It is impossible to do adequate justice to this excellent commentary, but readers may get a brief glimpse of Ford’s ability to question familiar interpretations of key ideas by focusing on a single term: truth. In 16:13 Jesus assures his anxious disciples that after his return to the Father, the Holy Spirit will “guide you into all the truth”. How comprehensive is this? Ford notes the numerous attempts to limit this to a “neatly defined package of meaning” (p.316). The activity of the Holy Spirit is far greater than merely reminding the disciples and their successors of truths already revealed. The Gospel is clear too that truth is inseparable from action. In 3:21 John links truth and light in a passage contrasting lovers of darkness with those who come to the light. Later, in chapter 18, in his confrontation with Pilate, Jesus accepts the title of king but proceeds to fill it with his own meaning: “For this I was born, for this I came into the world, to testify to the truth” (18:37).

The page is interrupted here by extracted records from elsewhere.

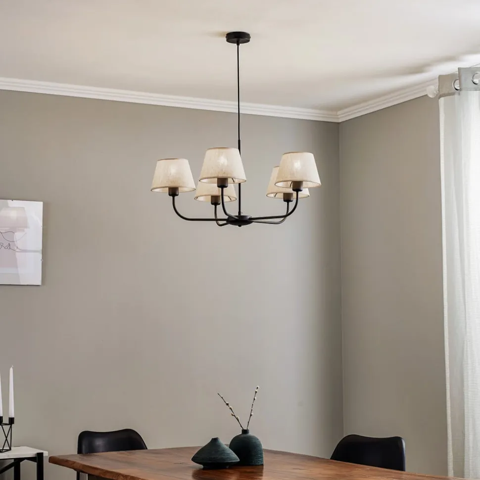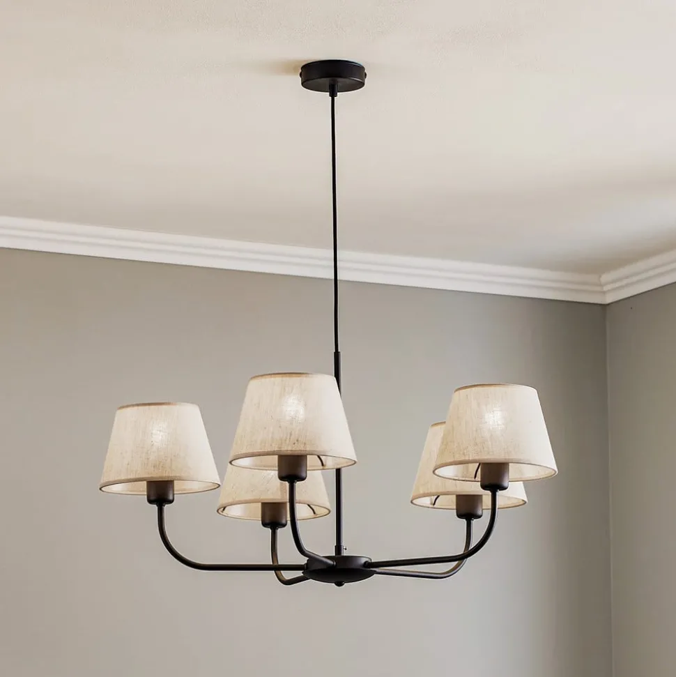 De kroonluchter Chicago combineert tijdloze elegantie met functionele veelzijdigheid. Dit verlichtingselement is gemaakt van hoogwaardig metaal, linnen en kunststof en past naadloos in verschillende interieurstijlen. De vijf linnen lampenkappen in de kleuren zwart en naturel zorgen voor een harmonieus lichtspel dat zowel in de woonkamer als in de eetkamer een aangename sfeer creëert. Dankzij de dimbaarheid via een externe dimmer kan de lichtintensiteit individueel worden aangepast om zo de gewenste sfeer te creëren.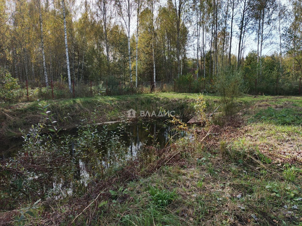 На участке вырыт небольшой пруд.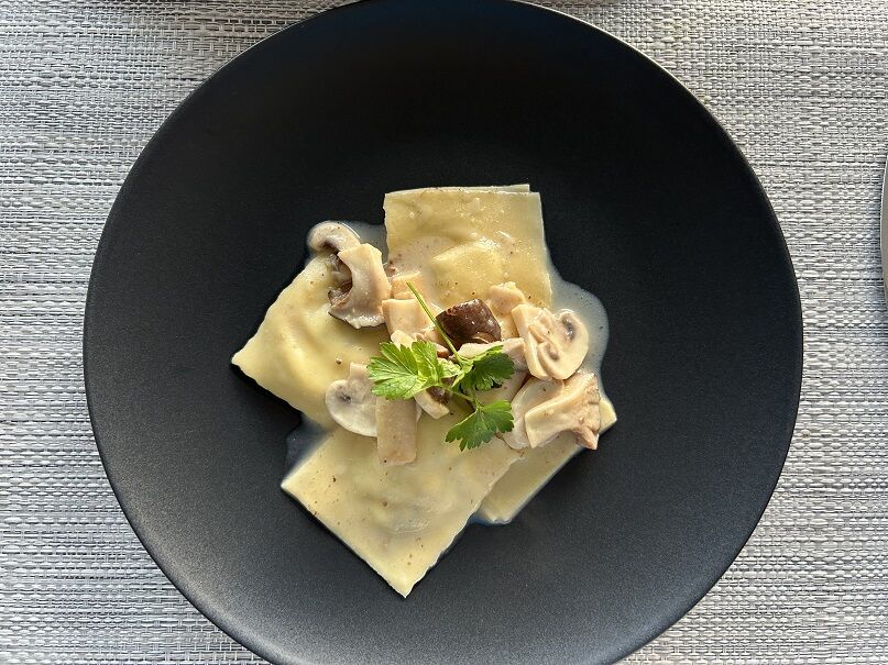 トリュフ風味リゾット、かぼちゃのオーブン焼き、青梗菜と一緒に。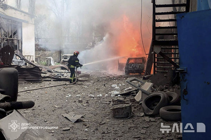 [크리비리흐=AP/뉴시스] 2일(현지 시간) 우크라이나 크리비리흐에서 한 소방관이 러시아의 미사일 공격으로 발생한 화재를 진압하고 있다. 크리비리흐는 볼로디미르 젤렌스키 대통령의 고향이기도 하다. 2025.04.03.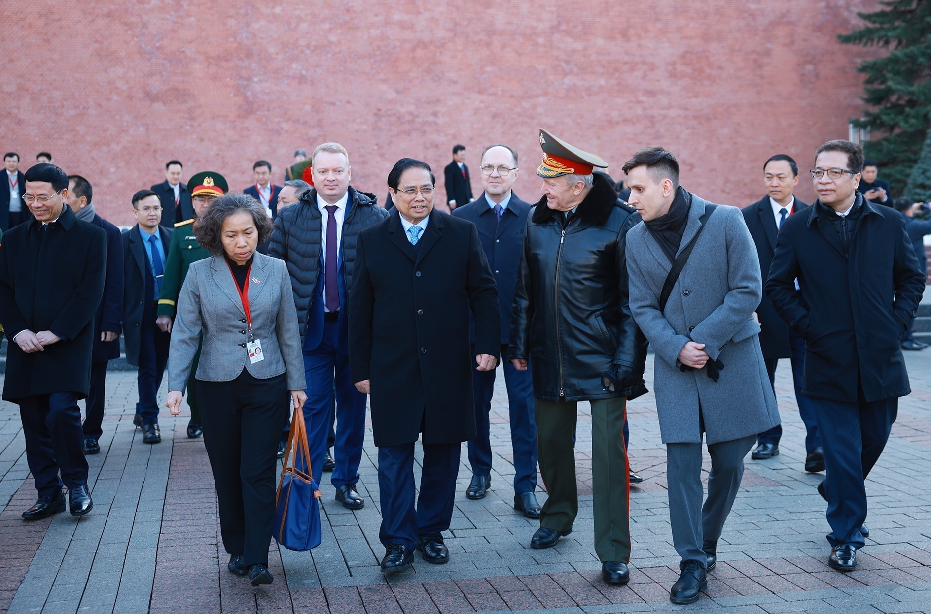 Возлагая цветы к памятнику Президенту Хо Ши Мину, премьер-министр Фам Минь Тьинь и делегация с глубоким почтением склоняют головы в память о Президенте Хо Ши Мине — великом лидере, национальном герое, мировом культурном деятеле, основателе первых дружеских отношений между народами Вьетнама и Советского Союза, ныне РФ; они выражают намерение всегда сохранять и развивать искренние чувства к стране и народу России, строить отношения между Вьетнамом и РФ все более глубокими, содержательными, прочными и эффективными.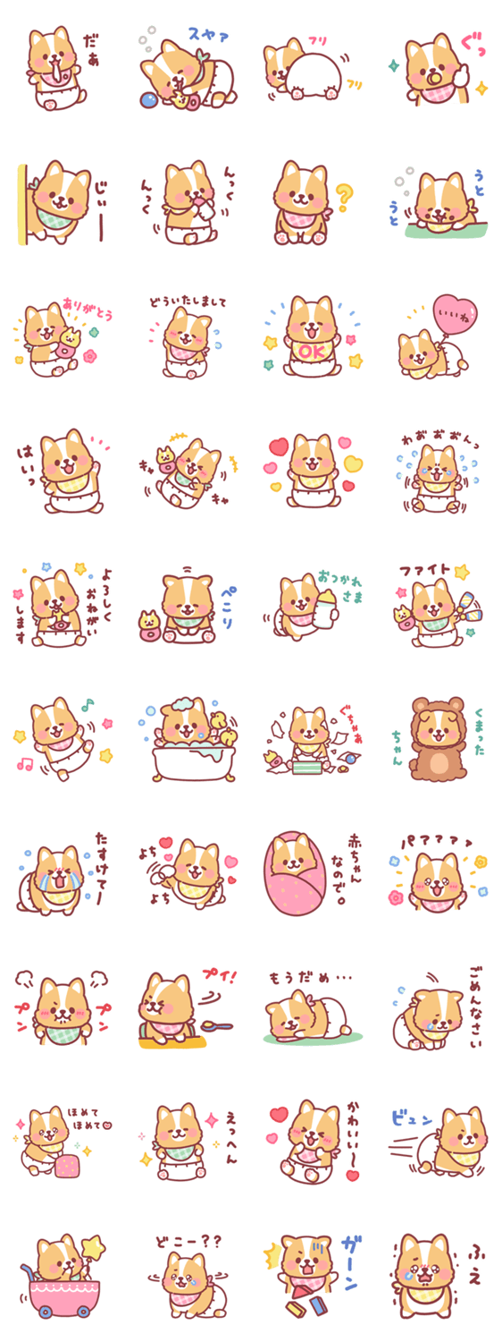 まるまるコーギーの赤ちゃんスタンプが出ました!コーギーパピーの毎日使えるスタンプです。あかちゃんがいるパパママ家族のやり取りにも、まだ赤ちゃんなあなたにも!
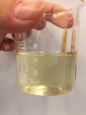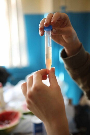 Kavanozun kapağını kapatıp sıvının üst kısımlarında beyaz renkte bir bulut oluşana kadar bekleyin. Bu bulut meyvenin DNA’sını göstermektedir. Deneyde meyve çekirdeği tuz ile şişmekte, deterjan hücre duvarının parçalanmasını sağlamakta ve sıvıya karışan DNA alkol ile görülebilir hale gelmektedir.

I should just mention Ford’s indebtedness to the work of Richard Hays, who expounded the value of figural interpretation which he defined as “the discernment of unexpected patterns of correspondence between earlier and later events or persons within a continuous temporal stream”. Applying this principle to John, Hays writes that “even more comprehensively than the other gospels, John understands the Old Testament as a vast matrix of symbols prefiguring Jesus”. This way of interpreting will frequently alert readers to recognise this principle at work. An excellent example of this can be seen in Ford’s treatment of the cleansing of the temple (2:13-25). In reading the Gospel alongside the Old Testament, Ford consistently uses the Greek translation (LXX).

I have no doubt that anybody who buys this commentary will find in it an imaginative resource, opening up new ways of understanding and applying this wonderful Gospel. My only minor quibble is that I don’t think the average reader will know what “midrash” is (p.58).

To conclude, I think this commentary could profitably be read right through such is the quality of the narrative. My verdict is, buy this book!